## REQUIRED WORK
Working from the entries that follow, transcribe exactly and only the lines from the one with "Tela Elegante patrón" through the last, pictures excluded.
···
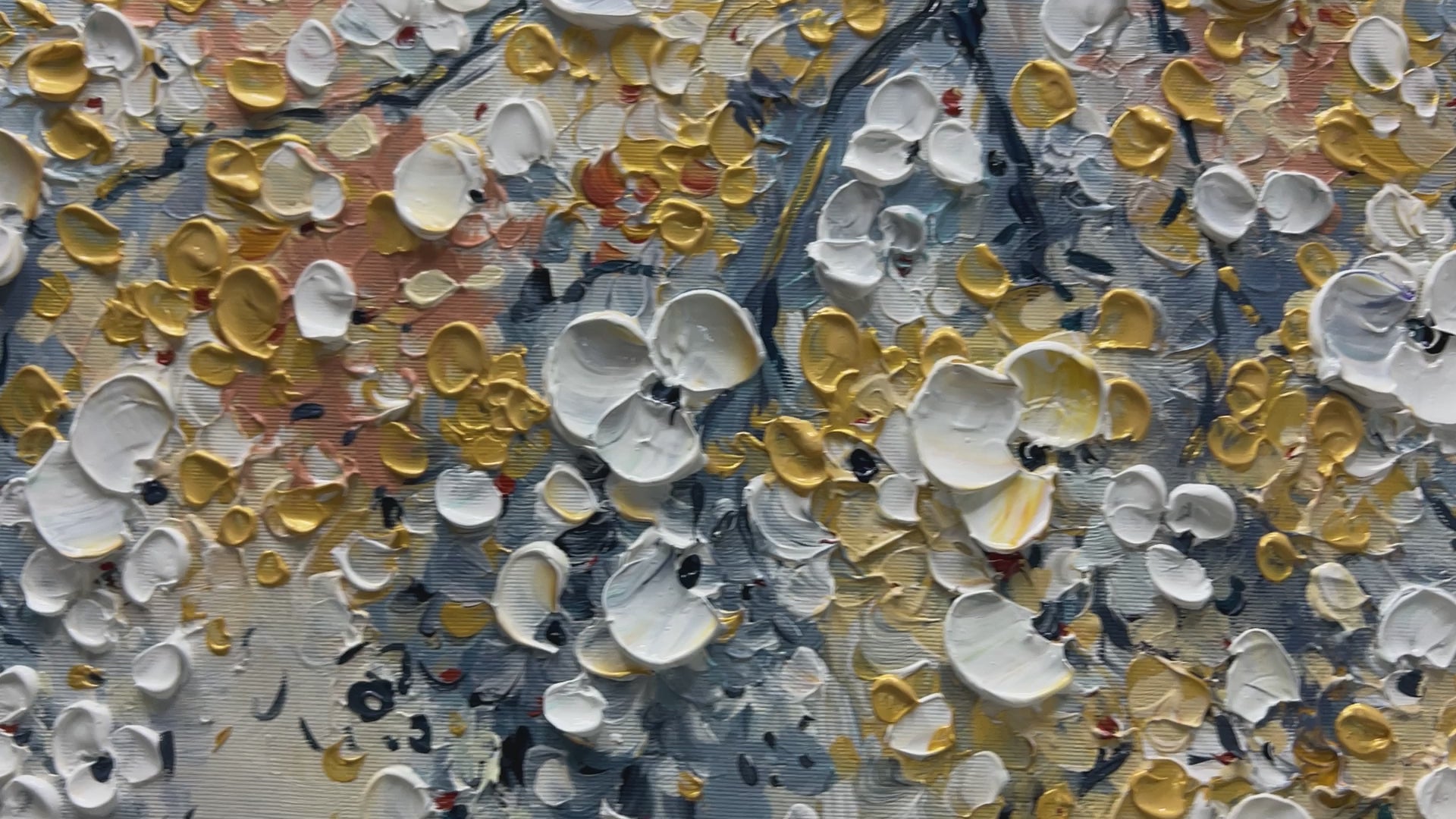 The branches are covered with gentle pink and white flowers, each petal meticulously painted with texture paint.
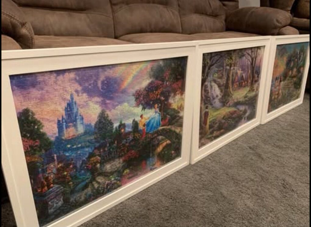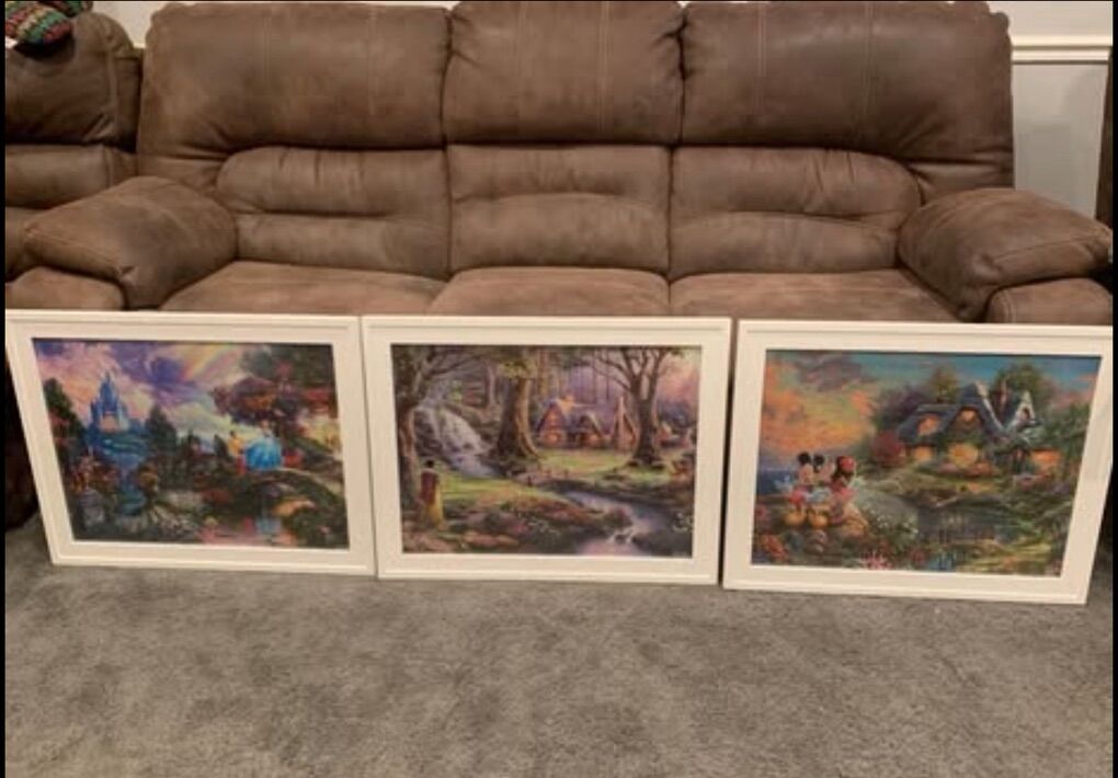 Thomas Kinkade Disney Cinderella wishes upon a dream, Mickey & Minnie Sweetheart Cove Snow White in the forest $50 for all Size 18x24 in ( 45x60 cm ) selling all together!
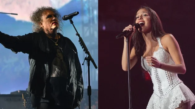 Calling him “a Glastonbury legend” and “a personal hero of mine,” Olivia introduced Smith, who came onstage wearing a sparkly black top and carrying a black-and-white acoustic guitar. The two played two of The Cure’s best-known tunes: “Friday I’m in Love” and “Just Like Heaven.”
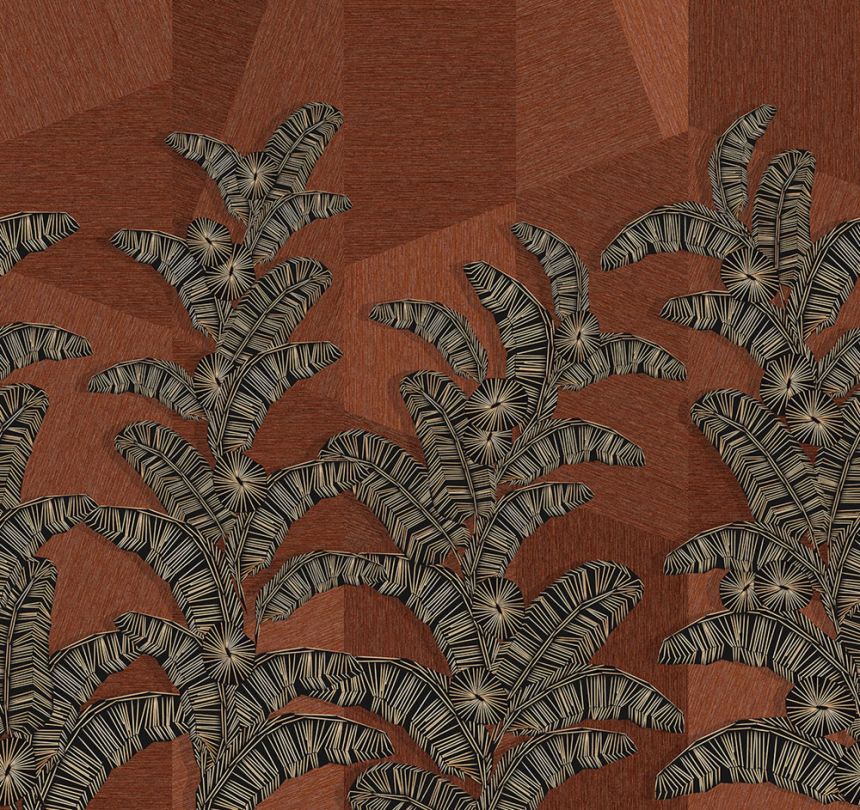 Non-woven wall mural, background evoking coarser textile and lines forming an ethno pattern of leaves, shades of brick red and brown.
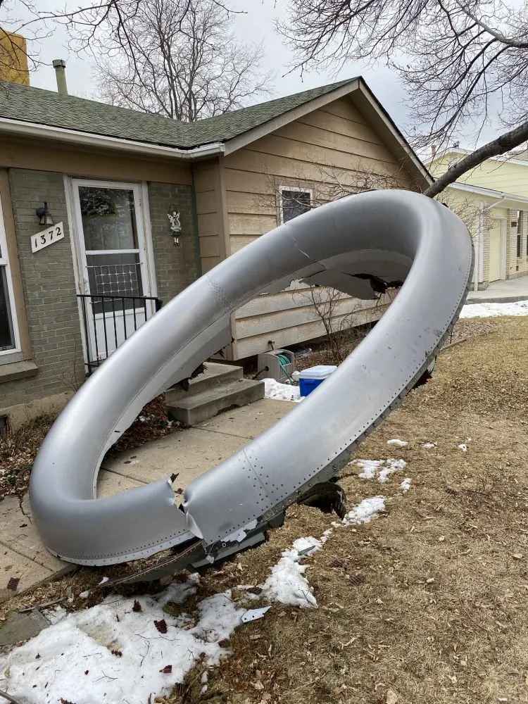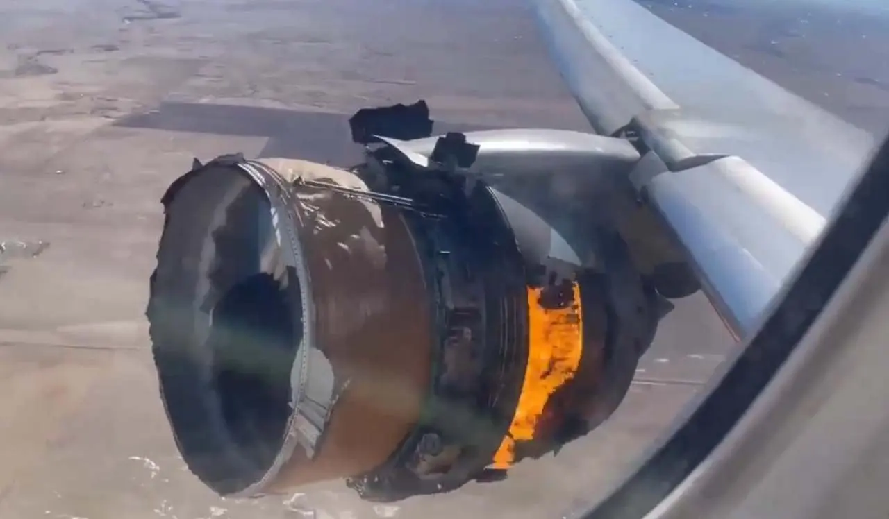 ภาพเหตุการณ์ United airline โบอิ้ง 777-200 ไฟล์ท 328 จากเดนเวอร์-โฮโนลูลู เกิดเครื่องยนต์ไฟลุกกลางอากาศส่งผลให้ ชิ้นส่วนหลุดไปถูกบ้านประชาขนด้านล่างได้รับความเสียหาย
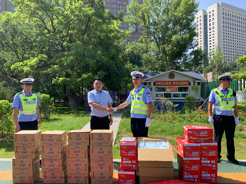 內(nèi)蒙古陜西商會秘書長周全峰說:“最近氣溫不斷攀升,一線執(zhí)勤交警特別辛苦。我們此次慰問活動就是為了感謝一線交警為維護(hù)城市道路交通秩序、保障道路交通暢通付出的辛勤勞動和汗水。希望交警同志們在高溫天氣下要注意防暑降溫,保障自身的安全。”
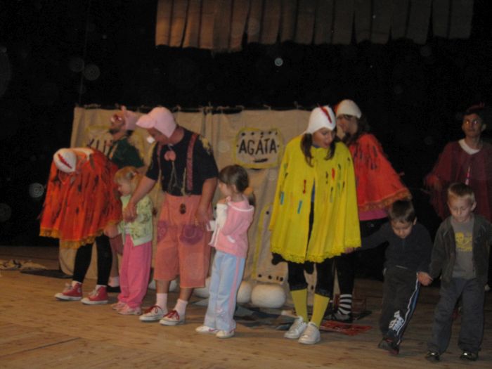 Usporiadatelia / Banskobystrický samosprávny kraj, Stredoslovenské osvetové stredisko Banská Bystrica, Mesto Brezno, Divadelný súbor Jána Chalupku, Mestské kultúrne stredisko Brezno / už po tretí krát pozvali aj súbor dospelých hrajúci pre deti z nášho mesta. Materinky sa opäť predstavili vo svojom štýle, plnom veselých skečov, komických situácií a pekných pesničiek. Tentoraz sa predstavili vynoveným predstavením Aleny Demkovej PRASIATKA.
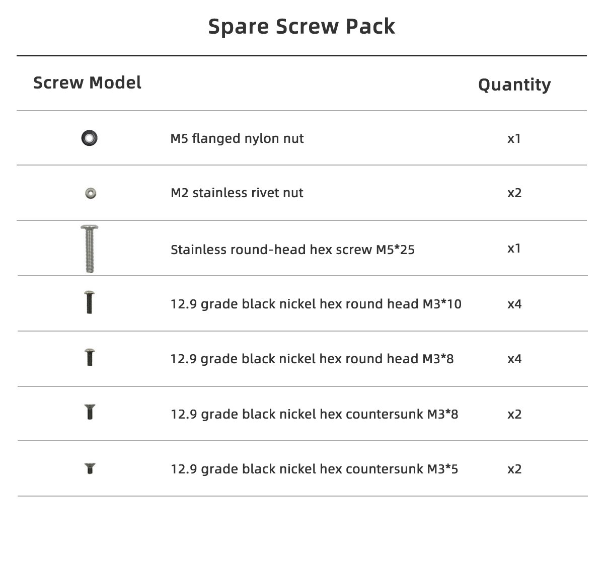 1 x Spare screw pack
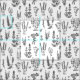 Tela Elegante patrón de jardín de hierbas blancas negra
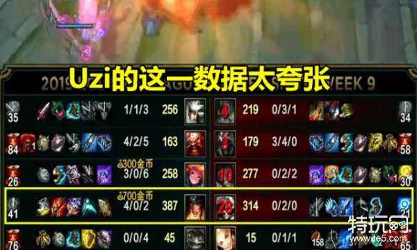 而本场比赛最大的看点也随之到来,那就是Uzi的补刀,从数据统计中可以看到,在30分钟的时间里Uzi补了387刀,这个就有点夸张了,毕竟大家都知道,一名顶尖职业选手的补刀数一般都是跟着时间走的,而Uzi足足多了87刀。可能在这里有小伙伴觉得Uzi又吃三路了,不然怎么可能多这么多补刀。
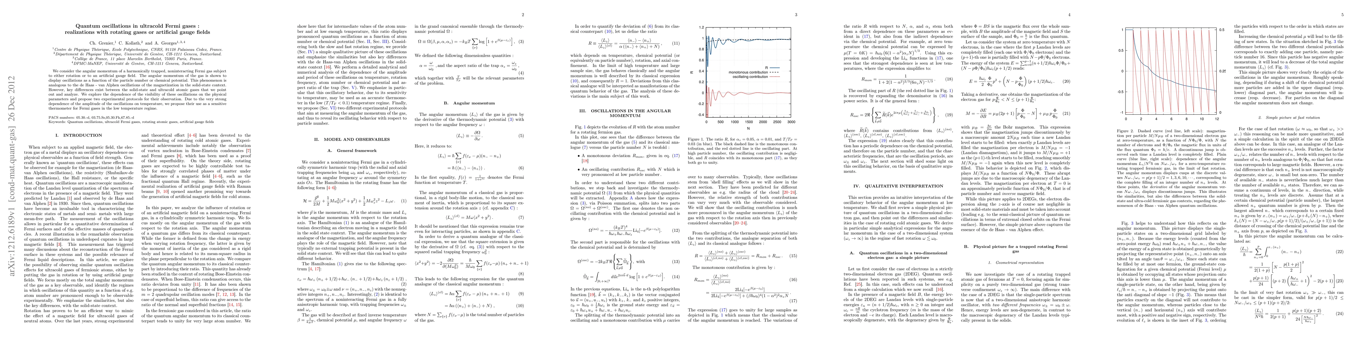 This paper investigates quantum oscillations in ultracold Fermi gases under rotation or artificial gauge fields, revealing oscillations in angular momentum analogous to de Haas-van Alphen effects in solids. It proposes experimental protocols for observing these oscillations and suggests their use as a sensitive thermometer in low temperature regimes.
···
## FINAL ANSWER
 Tela Elegante patrón de jardín de hierbas blancas negra
 而本场比赛最大的看点也随之到来,那就是Uzi的补刀,从数据统计中可以看到,在30分钟的时间里Uzi补了387刀,这个就有点夸张了,毕竟大家都知道,一名顶尖职业选手的补刀数一般都是跟着时间走的,而Uzi足足多了87刀。可能在这里有小伙伴觉得Uzi又吃三路了,不然怎么可能多这么多补刀。
 This paper investigates quantum oscillations in ultracold Fermi gases under rotation or artificial gauge fields, revealing oscillations in angular momentum analogous to de Haas-van Alphen effects in solids. It proposes experimental protocols for observing these oscillations and suggests their use as a sensitive thermometer in low temperature regimes.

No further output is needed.